A highlight of Fr Joe's time in the area was the connection he developed with the pupils attending the local national schools in Mount Temple and Baylin.

“Just before Covid set in, I set up something called Throwfire, which is a youth initiative to try and help young people, particularly with the whole area of mental illness and wellbeing,” he explains.

“We travel to schools offering wellbeing interactive fun days at both primary and secondary level, and we go flat out from September to June.

“I was a teacher for 25 years, so I'd like to think that I have a pretty good handle on young people, helping young people and working with young people.

"We started a youth initiative for the children in (Mount Temple), doing little youth projects with them. As a priest, I really think we need to be thinking outside the box in the whole area of liturgy.

"We had a children's liturgy, children's parties, children's summer camps, children's tours, all this kind of stuff. And it was just mighty craic with them all the time.”

Fr Joe's new role as parish administrator in Mullahoran is due to take effect from August 24 next, and Fr Reji Kurian, who is currently a curate in Ballinahown, is set to replace him in Mount Temple.

“Fr Reji was in last week and I told him, look, there are fabulous people here, you're going to love it. It's a super community. All you have to do is ask and they will help you.”
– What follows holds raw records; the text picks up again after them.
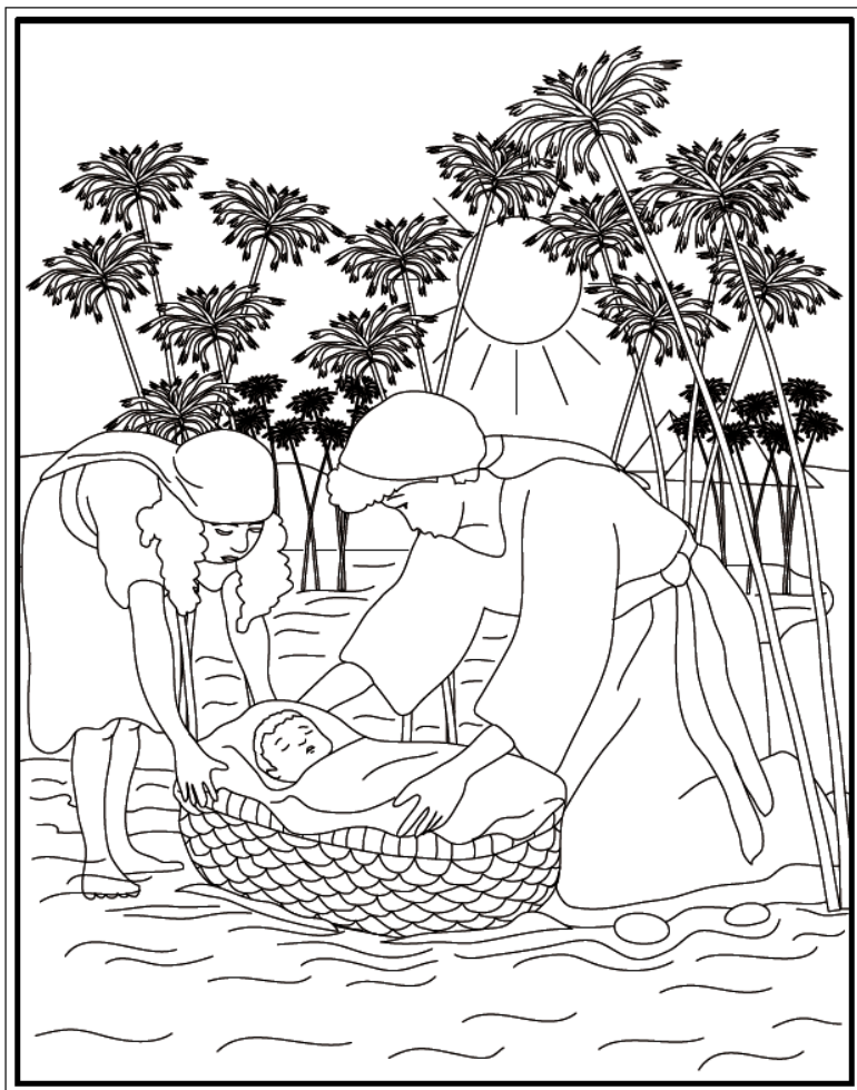
Bron: evangelisatiewerk GG, 2014

Oplossingen bij voorkeur inleveren via email: puzzel@hhgouddorp.nl .
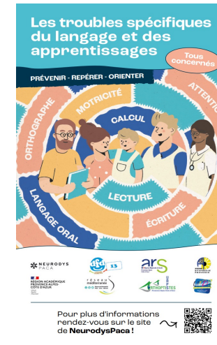
Guide d'aide au repérage, à la prévention et à la prise en charge des TSLA
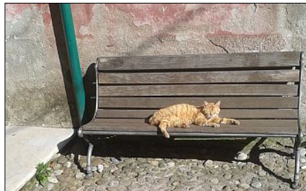
A Montemarcello anche i gatti sono felici
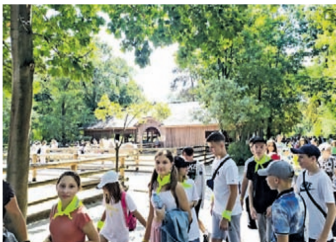
Fot. Wycieczka do ZOO Wrocław

Przyjazd uczniów z Kamionki Buskiej wpisuje się w kilkunastoletnią tradycję wymiany młodzieży polsko-ukraińskiej, dlatego nie zabraknie też wizyty gości w SP 3. Miłego odpoczynku!
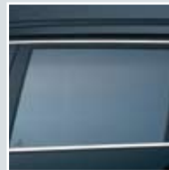
granit medium 35AF sr
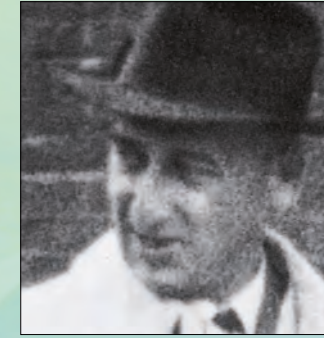
Херман Ван Пелс
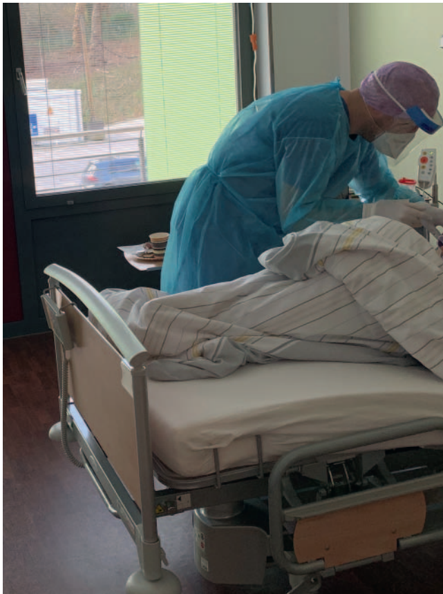
► Abb. 2 Deutlich erhöhter Aufwand in der postoperativen Nachbetreuung unter voller persönlicher Schutzausrüstung.

lauf gestaltete sich komplikationslos, sodass die Patientin unter antibiogrammgerechter Antibiose zwei Tage nach der Operation in die häusliche Quarantäne entlassen werden konnte.
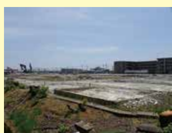
広大な前川地区空地に企業進出

有力企業の市外転出が目立つが、県の企業誘致推進策“セレクト神奈川100”の効果もあり、前川の空地に食材製造工場と研究所の進出が決定。50億円の投資と230人の新規雇用が予定される。次の新規企業の進出が望まれる。
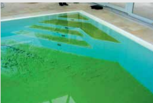
Schwimmbad mit starkem Algenbefall

NoPhos besteht aus dem natürlichen Produkt Lanthan und kann problemlos in öffentlichen und privaten Schwimmbädern sowie in Naturbädern, Teichen und Aquarien eingesetzt werden. Nophos ist ein 3-fach positiv geladenes Ion, welches mit dem 3-fach negativ geladenen Phosphat-Ion \text{PO}_4^{3-} reagiert und einen unlöslichen Niederschlag bildet. Dieser wird anschliessend einfach ausfiltriert.
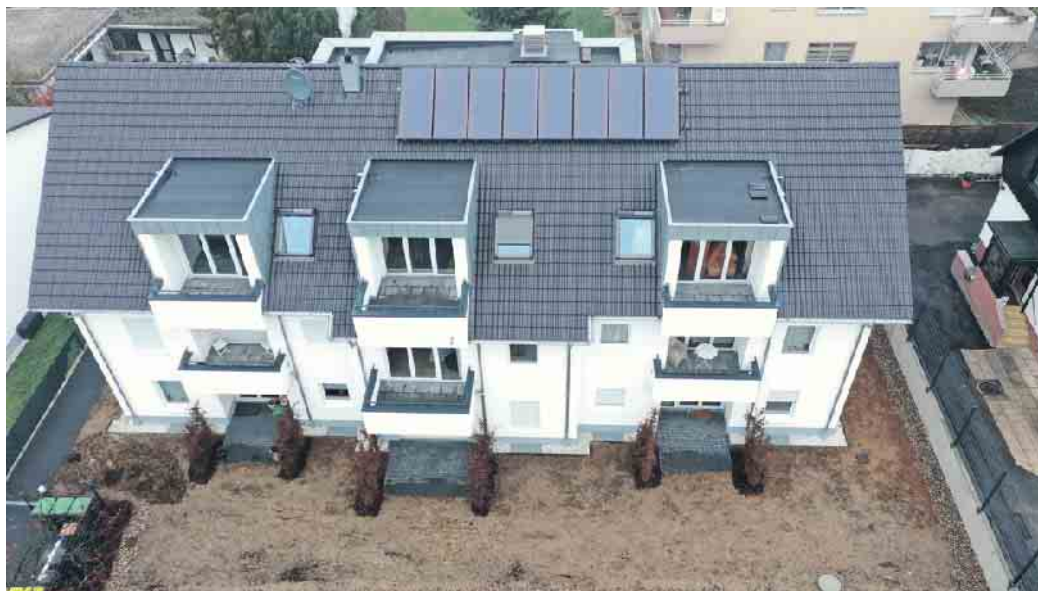
Das Dachdeckerhandwerk, der richtige Ansprechpartner für die Solaranlage auf dem Dach.

Dachdecker sind Klimaschützer Zunehmend wird es auch wichtig, den bereits deutlich spürbaren Veränderungen durch den Klimawandel zu begegnen, zum Beispiel der Hitzebelastung in Ballungsgebieten. „Dachdecker und Dachdeckerinnen sorgen mit ihrer fundierten Arbeit nicht nur für eine trockene und behagliche Wohnung, sondern tragen als Teil einer klimabewussten Gesellschaft mit ihrer Arbeit dazu bei, dass unsere Welt auch in Zukunft lebenswert bleibt. Denn neben der Sanierung bringen Dachdecker auch Fotovoltaikanlagen aufs Dach oder planen Gründächer. In
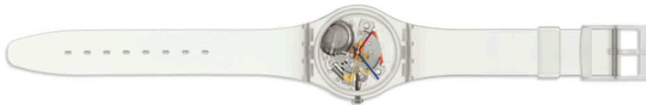
Figura 7. Relógio Swatch, de 1983

As décadas de 1970 e 1980 foram de inovação estética, introduzindo as pulseiras de plástico, as transparências e os relógios eletrônicos, fugindo do tradicionalismo encontrado até então e apresentando temas divertidos nos produtos, como arte de rua 13 . Eventualmente houve um retorno às origens dos mostradores analógicos, agora combinados à precisão da tecnologia de quartzo. Foi nessa atmosfera que surgiu a empresa Swatch TM , que lançou em 1983 o Swatch (Figura 7), um relógio que viraria clássico e acessível: com pulseira de plástico e apenas 51 componentes (ao invés dos mais de 125 utilizados até então) além de novos modelos lançados a cada seis meses 14 . A Swatch TM tirou a indústria relojoeira suíça da crise.
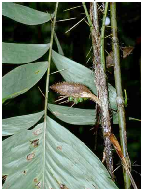
17 maski Bactris hondurensis
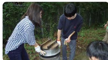
落川交流センター
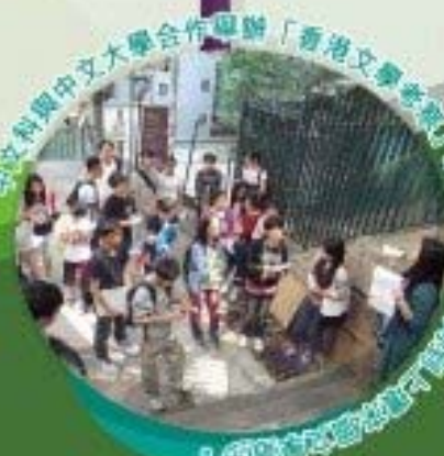
中文科與中文大學合作舉辦「香港文學之旅」活動，讓同學一睹香港文學之風采。
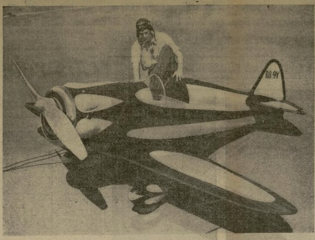
Tony Levier, de San Diego, Calif., piloto y constructor, trepándose a la cañilla de su "pulga voladora" que él entrará en las carreras aéreas nacionales de Cleveland. La avioneta de 404 libras de peso, con envergadura de 14 pies y motor de 90 caballos, tiene una velocidad máxima de 225 m.p.h., y una autonomía de 525 millas.
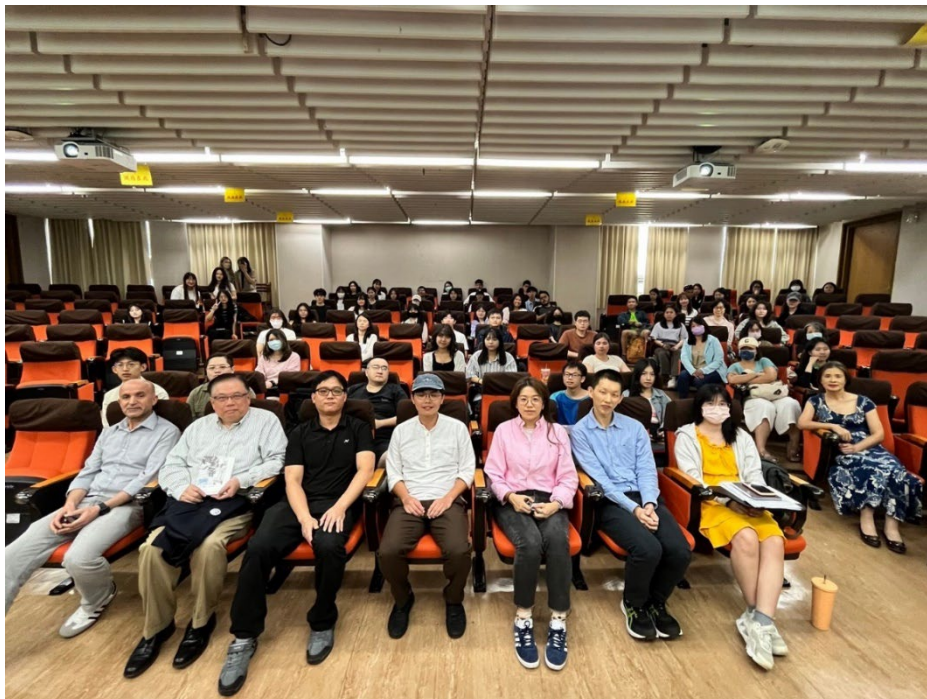
▶ 與會師生合影
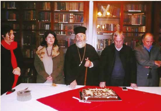
Κοπή βασιλόπιτας στό «Σολώνειο Εύγηρίας Μέλαθρον Καλύμνου»

Τό δέ έσπέρας τής αύτής ήμέρας ό Μητροπολί- της μας έχοροστάτησε στόν πανηγυρικό άρχιερα- τικό έσπερινό του Ίεροϋ Ναού Άγιου Άθανασίου Καλύμνου, επί τή μνήμη των άγιων πατέρων Άθα- νασίου καί Κυρίλλου Πατριαρχών Άλεξανδρείας, όπου καί έλειτούργησε τήν κυριώνυμον ήμέρα καί έκήρυξε τόν Θεϊον Λόγον, προτρέποντας τούς πιστούς νά μιμηθούν τήν άκλόνητον πίστην καί γενναϊότητα του άγιου Πατρός ήμών Άθανασίου.
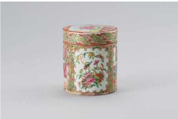
백자 다채 합 사진 1(HL17332)
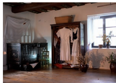
Pořádá: Občanské sdružení na ochranu památek v Dolních Chabrech z. s.
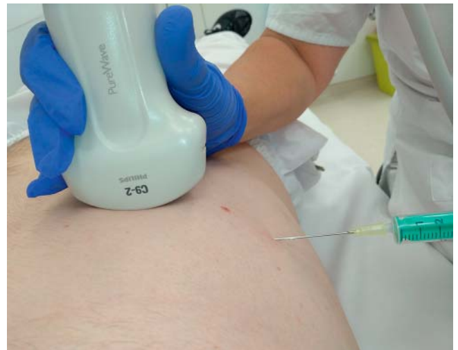
► Abb. 2 Ein Sicherheitsabstand zwischen Schallkopf und steriler Nadel wird bei dieser Freihand-Biopsie eingehalten. Kann der Untersucher gewährleisten, dass die Nadel den Schallkopf nicht berührt, kann auf einen sterilen Schallkopfüberzug verzichtet werden.

keit und Unversehrtheit des Schallkopfes. 2012 veröffentlichten die KRINKO und das BfArM „Anforderungen an die Hygiene bei der Aufbereitung von Medizinprodukten“ [14].
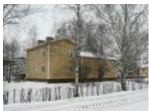
Kaakkoissivu Pratikankujan varrella v. 2009
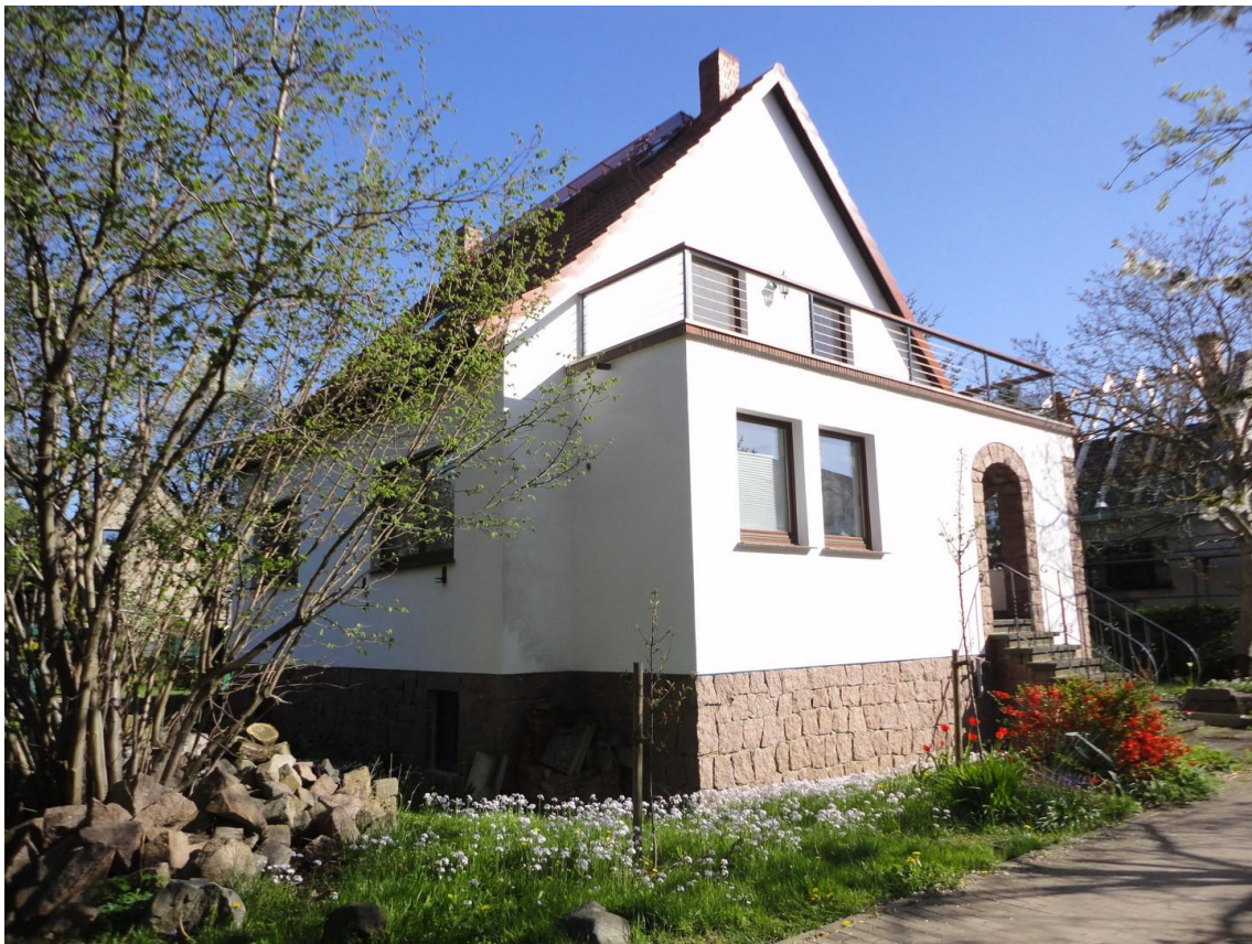
Ansicht Haus mit Privatweg
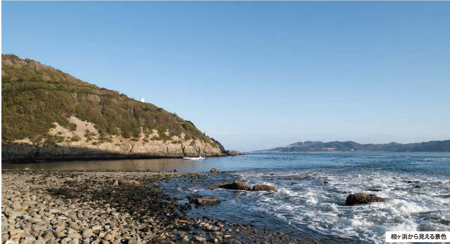
相ヶ浜から見える景色
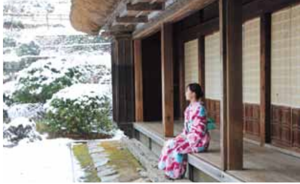
和服を着て散策すれば、いつもとは違った雰囲気を楽しめます。インスタ映えすること間違いなしです。=森、下呂温泉合掌村

下呂温泉合掌村では、着物のレンタルと着付けをセットにしたサービスを行っています。30種類の中から好きな着物を選択し、先生が丁寧に着付けてくれます。帯や下駄、髪飾り、ストールなどもセット。手ぶらでも、気軽に和の装いをして合掌村や下呂温泉街の散策が楽しめます。料金は女性3,000円～、男性4,000円～、要予約、5月まで実施(表紙記事)
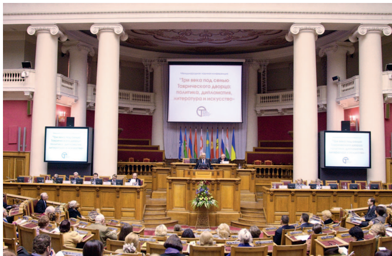
4 декабря 2009 года. Международная научная конференция «Три века под сенью Таврического дворца: политика, дипломатия, литература и искусство»
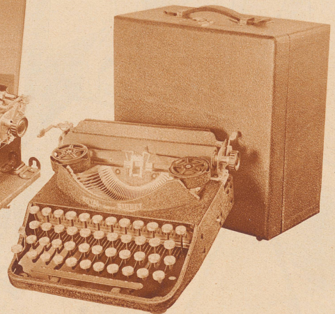
Royal Portable Signet , vereinfachtes Modell, mit Universal-Klavatur inkl. Reise-Koffer . . Fr. 275.-

So kann sich jeder Interessent das für seine Zwecke am geeignetsten erscheinende Modell auswählen. Prospekte und Vorführung kostenlos durch:
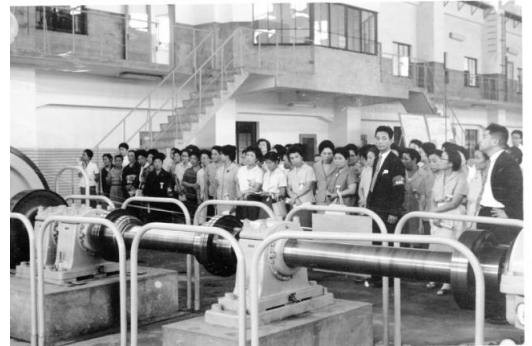
1963年9月 主婦の施設見学会 (三の橋ポンプ)
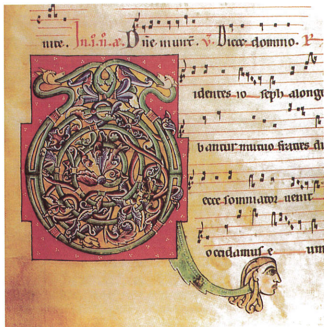
Foto 13. Antifonario. Huelgas.
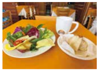
新鮮な海老名産野菜を使用した「バーニャカウダ」 タベルナイル ロカール 中野3-16-20
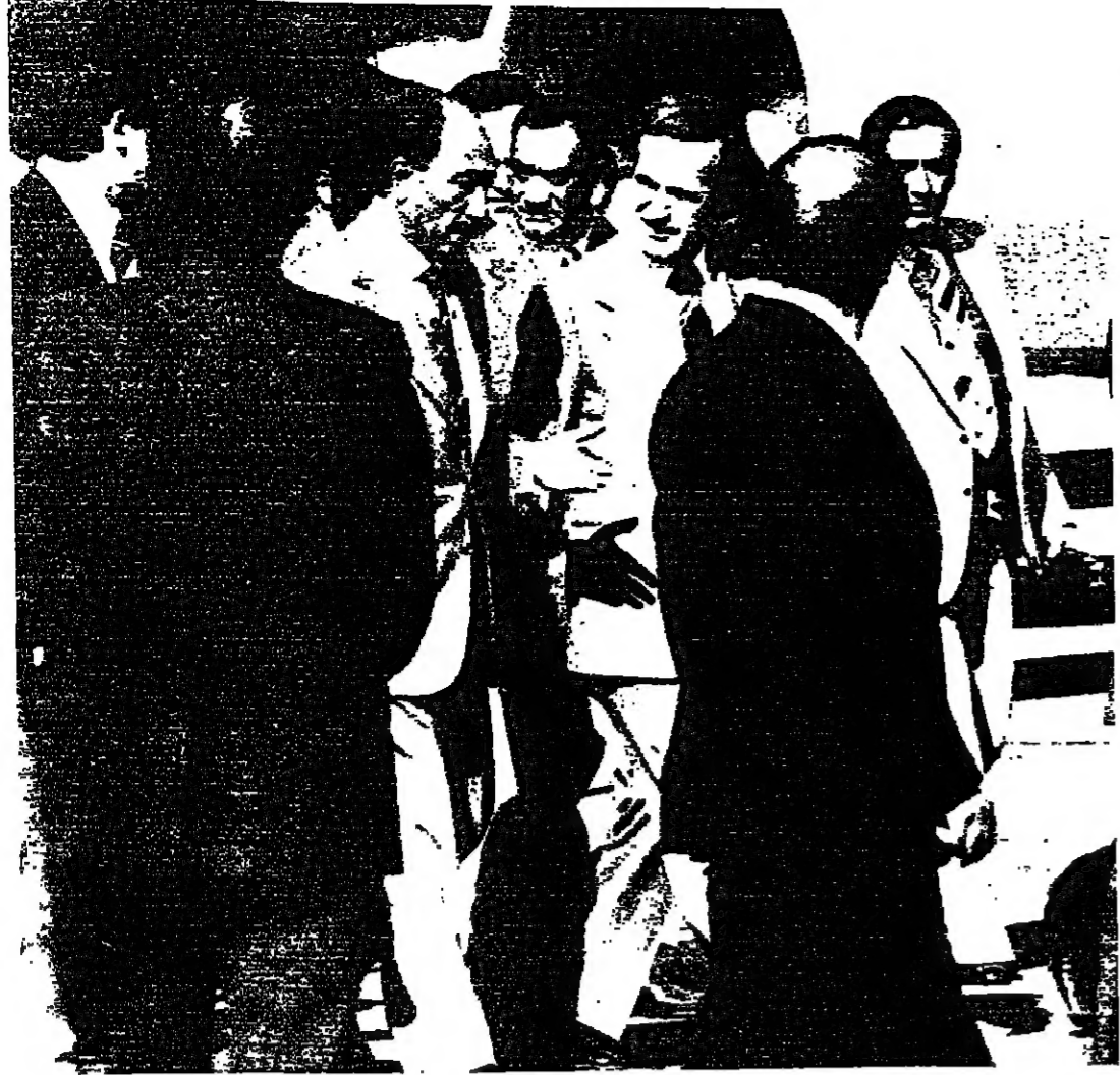
الرئيسان يحضرا دمشق في مطار دمشق
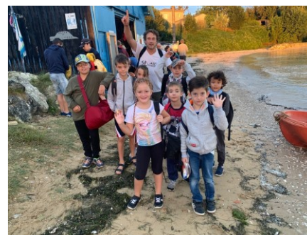
Accueilli des jeunes...
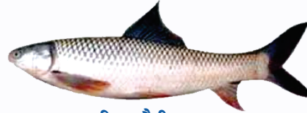
चित्र: नैनी माछा
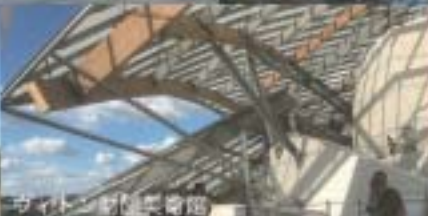
ヴィトン財団美術館
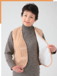
さっとはおりやすい チョッキタイプ

●品質:(表地)ナイロン100%、(内綿)ポリエステル100%、(ボア地)アクリル100% ●カラー:ベージュ ※このカラーは変わることがあります。 <27-030-02>
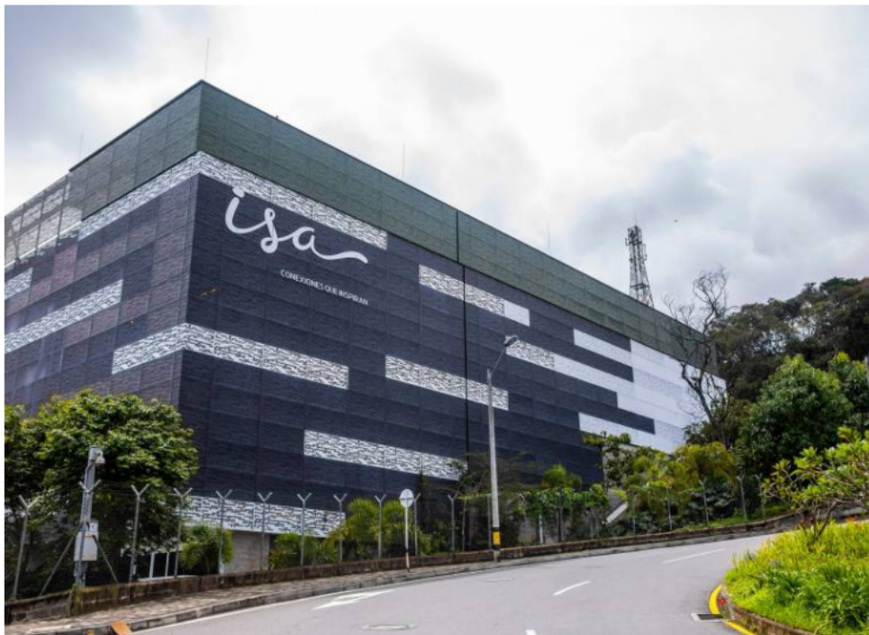
ISA, filial de Ecopetrol , tiene como domicilio principal la ciudad de Medellín; se constituyó como sociedad anónima por escritura pública de la Notaría Octava del Círculo Notarial de Bogotá, el 14 de septiembre de 1967.

La iniciativa sería sometida a consideración de la asamblea de accionistas.
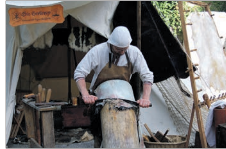
Een leerlooier aan het werk

Afhankelijk van de manier van leerlooien en het verkrijgen van het soort leer voor een bepaald gebruik zijn namelijk diverse bewerkingen nodig. De eerste bewerking bij het maken van leer is het villen van de huid van het dier. Bij het villen blijven resten vlees op de huid achter. Deze resten vlees moeten eerst worden weggehaald.

During Fr Joe's time in the locality he was involved in several parish trips, and another one had been on the cards in Edinburgh this autumn.

However, he says once he leaves for his new parish, that's where his attention will be focused.

“I have a couple of upcoming weddings booked from local couples (in Mount Temple) but, apart from those, I strongly feel that, when you go, you go.

“Much and all as I would love to come back, I am going to Mullahoran. That's where your home is, that's where you live, that's where you're involved.

“Mount Temple has been fabulous. I'm reasonably well able to contain it at the moment, but I know coming closer to the time (to leave) it will be emotional," he concludes.